Archives of Family Medicine and General Practice

ISSN: 2578-6539

CASE REPORT | VOLUME 4 | ISSUE 1 | DOI: 10.36959/577/488 OPEN ACCESS

Clinical Case: Casual Finding of Part of an Intubation Guide after its Use for Exchange and Placement of Double Light Tube

Sepúlveda Haro E, Romero Molina S, Molina Ruiz JC, Bueno García MS, Gil Morata E, Fontaneda Heredia A, Baena Lopez M, Raigón Ponferrada A, Ramirez Aliaga M, Escalona Belmonte JJ, Guerrero Orriach JL* and Cruz Mañas J

  • Sepúlveda Haro E 1
  • Romero Molina S 1
  • Molina Ruiz JC 1
  • Bueno García MS 1
  • Gil Morata E 1
  • Fontaneda Heredia A 1
  • Baena Lopez M 1
  • Raigón Ponferrada A 1
  • Ramirez Aliaga M 1
  • Escalona Belmonte JJ 1
  • Guerrero Orriach JL 1*
  • Cruz Mañas J 1
  • Department of Anaesthesiology, Virgen de la Victoria University Hospital, Malaga, Spain

Sepúlveda HE, Romero MS, Molina RJC, et al. (2019) Clinical Case: Casual Finding of Part of an Intubation Guide after its Use for Exchange and Placement of Double Light Tube. Arch Fam Med Gen Pract 4(1):90-91.

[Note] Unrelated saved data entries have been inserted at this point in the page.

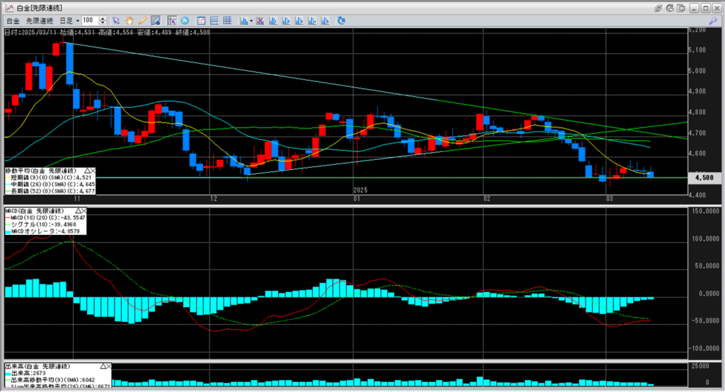 金白金鞘のチャートは、右肩上がりのチャートが崩れてきています。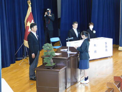 緊張している人もいれば、笑顔を浮かべ楽しそうにしている新入生もおり、それぞれがそれぞれの思いを持ち、この入学式に臨んでいるように思われました。入学許可の呼名の際には大きな声で返事をしている人が多かったことが印象的でした。今日から皆さんも玉村高校の一員です。ここでさまざまなことを学び、楽しみ、充実した高校生活を一緒に送っていきましょう!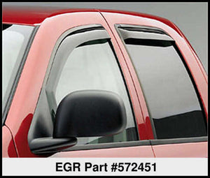 EGR Window Visors are made of a durable, scratch resistant, UV capped acrylic; which will keep your investment from fading, and keep it looking fresh for years to come. With most EGR Window Visors being available in Dark Smoke and Matte Black, customization will never be lacking for the upgrade enthusiast. EGR Window Visors feature an easy, no tools necessary, installation process; whether you choose the classic Tape-on style, or the more modern In-channel style, five minutes or less is all you need! Tape-on Visors utilize a dependable 3M adhesive tape, which will ensure that your EGR Window Visors aren’t going anywhere. All EGR Window Visors come standard with a Limited Lifetime Warranty; meaning that just like our Window Visors, EGR will always be by your side!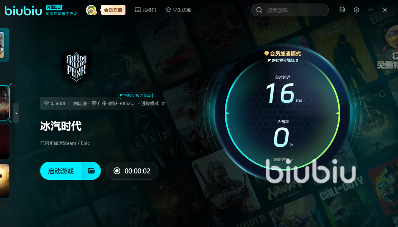 biubiu软件的操作也十分简单,哪怕你是电脑小白也能轻松上手。平台上汇聚了市面上绝大多数热门游戏,不管你是喜欢动作冒险、角色扮演,还是策略竞技类游戏,它都能满足你的需求。大家登录后,在软件首页的搜索框输入“冰汽时代”名称,搜出点击对应的图标,就能一键开启加速,无需排队等待,即开即用。可见小编启动后,延迟值直降到16ms左右的极低水平,丢包基本上为0。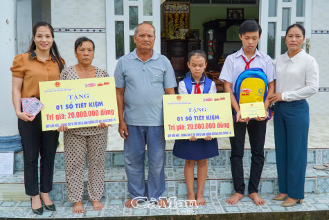 | Đại diện Quỹ Bảo trợ trẻ em Việt Nam trao quà hỗ trợ cho 5 trẻ em mồ côi tại 3 xã Tân Phú, Tân Lộc Bắc và xã Thới Bình, mỗi phần quà trị giá 5 triệu đồng tiền mặt. |

Accepted: September 10, 2019 | Published Online: September 12, 2019

Clinical Case: Casual Finding of Part of an Intubation Guide after its Use for Exchange and Placement of Double Light Tube

A difficult airway is defined as a clinical situation in which a trained anesthesiologist has difficulties to ventilate a patient with a face mask, difficulties for endotracheal intubation, or both. Intubation with a double lumen tube (DLT) may be more difficult than an equivalent intubation with a single-lumen tracheal tube because of its greater external diameter, stiffness and concavity, so its use is not recommended as a technique of initiation in patients with VAD [1].

Rubber elastic gum introducers are established as an aid for intubation. They are mainly indicated in cases of difficulty in intubation by bad laringoscopic vision. Most of the algorithms contemplate the use of this type of guides, because it is demonstrated its efficacy in situations of difficult intubation.

Frova®, is a device used as a guide, which allows oxygenation by continuous flow, spontaneous ventilation with capnography wave or assisted ventilation.

Partial obstructions of an endotracheal tube after successful intubation by foreign bodies from the equipment have been described before. We report a case that demonstrates a problem with one of these bugs, the Frova intubation introducer used to help insert a DLT [2-7].

Clinical Case


A 69-year-old woman with a history of ischemic heart disease, scheduled for aortocoronary bypass surgery of the internal mammary artery to the anterior descending artery by right anterior minithoracotomy without extracorporeal circulation.

After monitoring and anesthetic induction, direct laryngoscopy was performed, observing the larynx with a grade IIB of Cormack-Lehane with the BURP maneuver, and intubation was performed with a RĂ¼sch orotracheal tube with a single light of number 8, without needing guidance. The correct position is checked by chest inspection of the ventilation, auscultation, capnography curve and airway pressure, and the patient is ventilated correctly. For the placement of the double lumen tube, necessary for the pulmonary block during this type of intervention, the orotracheal tube is exchanged for a left double lumen tube of 37 F, using a Frova introducer as a guide (Cook Medical, Bjaeverskov, Denmark) without incidents.

Subsequently, the position of the TDL is checked by means of fibroscopic visualization. Although the normality of the TDL is verified, a millimeter-shaped, filiform, bluish foreign body, located on the anterior side of the left bronchus light 1 cm from the tracheal carina, is evident (Figure 1). Its extraction is attempted by fibroscopic aspiration, without success. The use of fiberoptic bronchoscopy forceps is necessary for its removal, so due to the need to use a larger diameter fiberoptic bronchoscope, the change to an orotracheal tube of 8 mm in diameter was required. The foreign body was extracted with forceps by means of fibroscopic visualization, verifying that it corresponded to a millimeter piece of the Frova introducer detached during its use as an orotracheal tube exchanger.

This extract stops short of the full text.